| PROBLEM TO SOLVE |
From the line containing "Elevate your casual" to the line containing "Karen Kane Women's" in the entries below, reproduce every line exactly, ends included. Nothing else belongs in the copy, and no pictures.

--- RECORDS FOR THIS EXERCISE Enclosed Below ---

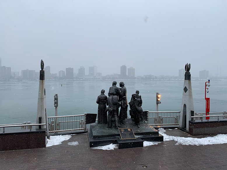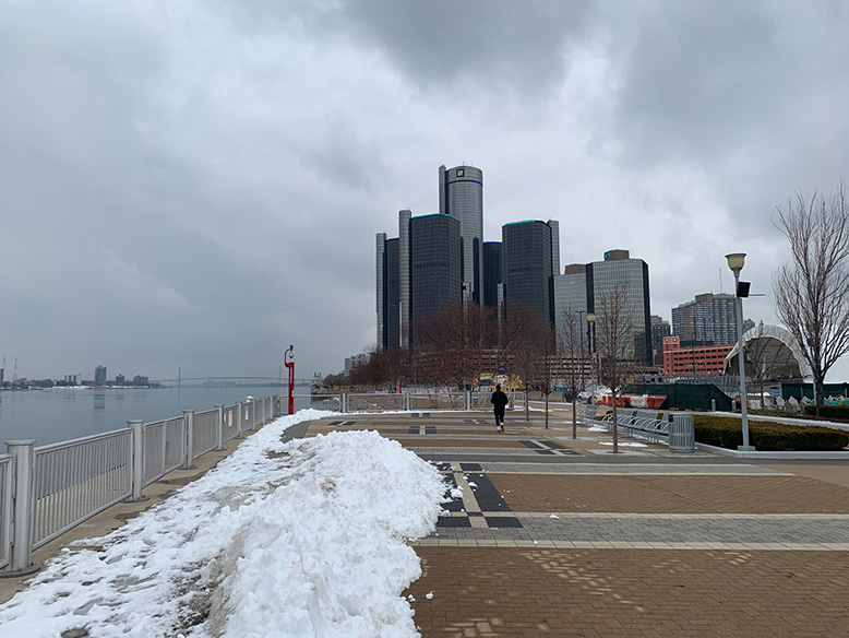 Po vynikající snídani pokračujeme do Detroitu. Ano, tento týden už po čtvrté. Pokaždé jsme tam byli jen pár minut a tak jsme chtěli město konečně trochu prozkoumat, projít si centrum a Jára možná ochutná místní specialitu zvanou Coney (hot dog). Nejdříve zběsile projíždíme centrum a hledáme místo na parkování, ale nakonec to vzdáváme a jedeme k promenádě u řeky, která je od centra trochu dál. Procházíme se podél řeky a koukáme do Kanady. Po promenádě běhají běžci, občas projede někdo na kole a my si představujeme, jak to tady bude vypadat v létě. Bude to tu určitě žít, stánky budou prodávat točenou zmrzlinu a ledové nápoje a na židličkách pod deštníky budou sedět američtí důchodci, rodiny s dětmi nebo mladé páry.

--- End of Enclosed RECORDS FOR THIS EXERCISE ---
--- RECORDS FOR THIS EXERCISE Enclosed Below ---

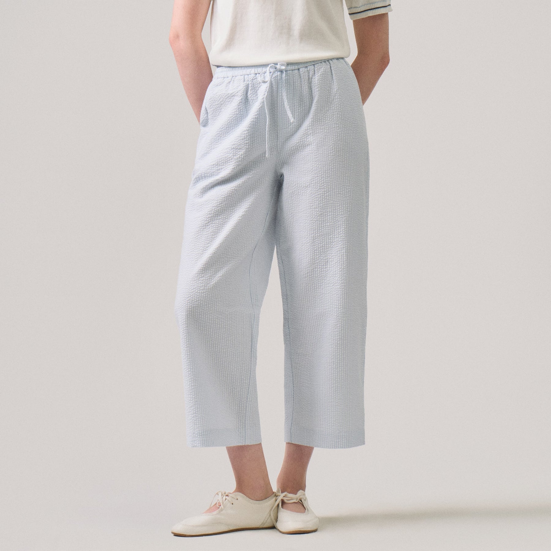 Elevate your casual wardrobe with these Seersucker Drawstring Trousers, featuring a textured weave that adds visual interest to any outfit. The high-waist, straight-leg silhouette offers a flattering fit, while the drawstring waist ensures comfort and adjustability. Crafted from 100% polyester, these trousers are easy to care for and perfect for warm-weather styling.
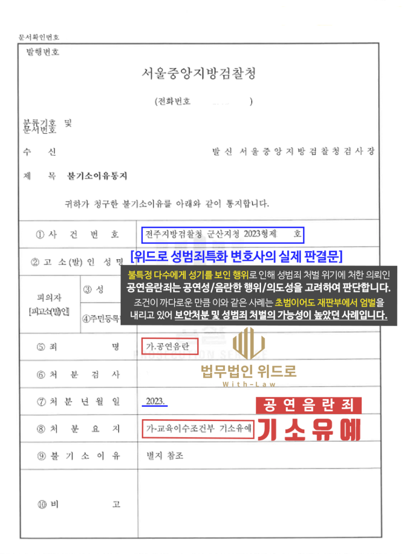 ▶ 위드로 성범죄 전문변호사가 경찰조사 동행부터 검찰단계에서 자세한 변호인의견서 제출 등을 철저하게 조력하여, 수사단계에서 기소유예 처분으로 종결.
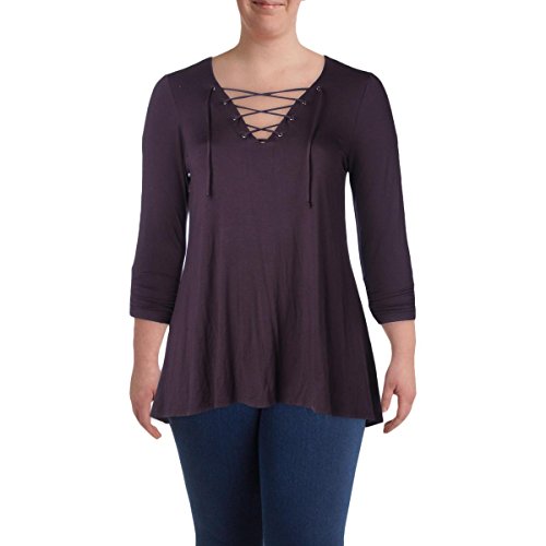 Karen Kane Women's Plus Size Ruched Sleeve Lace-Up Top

--- End of Enclosed RECORDS FOR THIS EXERCISE ---

| TASK RESPONSE |
 Elevate your casual wardrobe with these Seersucker Drawstring Trousers, featuring a textured weave that adds visual interest to any outfit. The high-waist, straight-leg silhouette offers a flattering fit, while the drawstring waist ensures comfort and adjustability. Crafted from 100% polyester, these trousers are easy to care for and perfect for warm-weather styling.
 ▶ 위드로 성범죄 전문변호사가 경찰조사 동행부터 검찰단계에서 자세한 변호인의견서 제출 등을 철저하게 조력하여, 수사단계에서 기소유예 처분으로 종결.
 Karen Kane Women's Plus Size Ruched Sleeve Lace-Up Top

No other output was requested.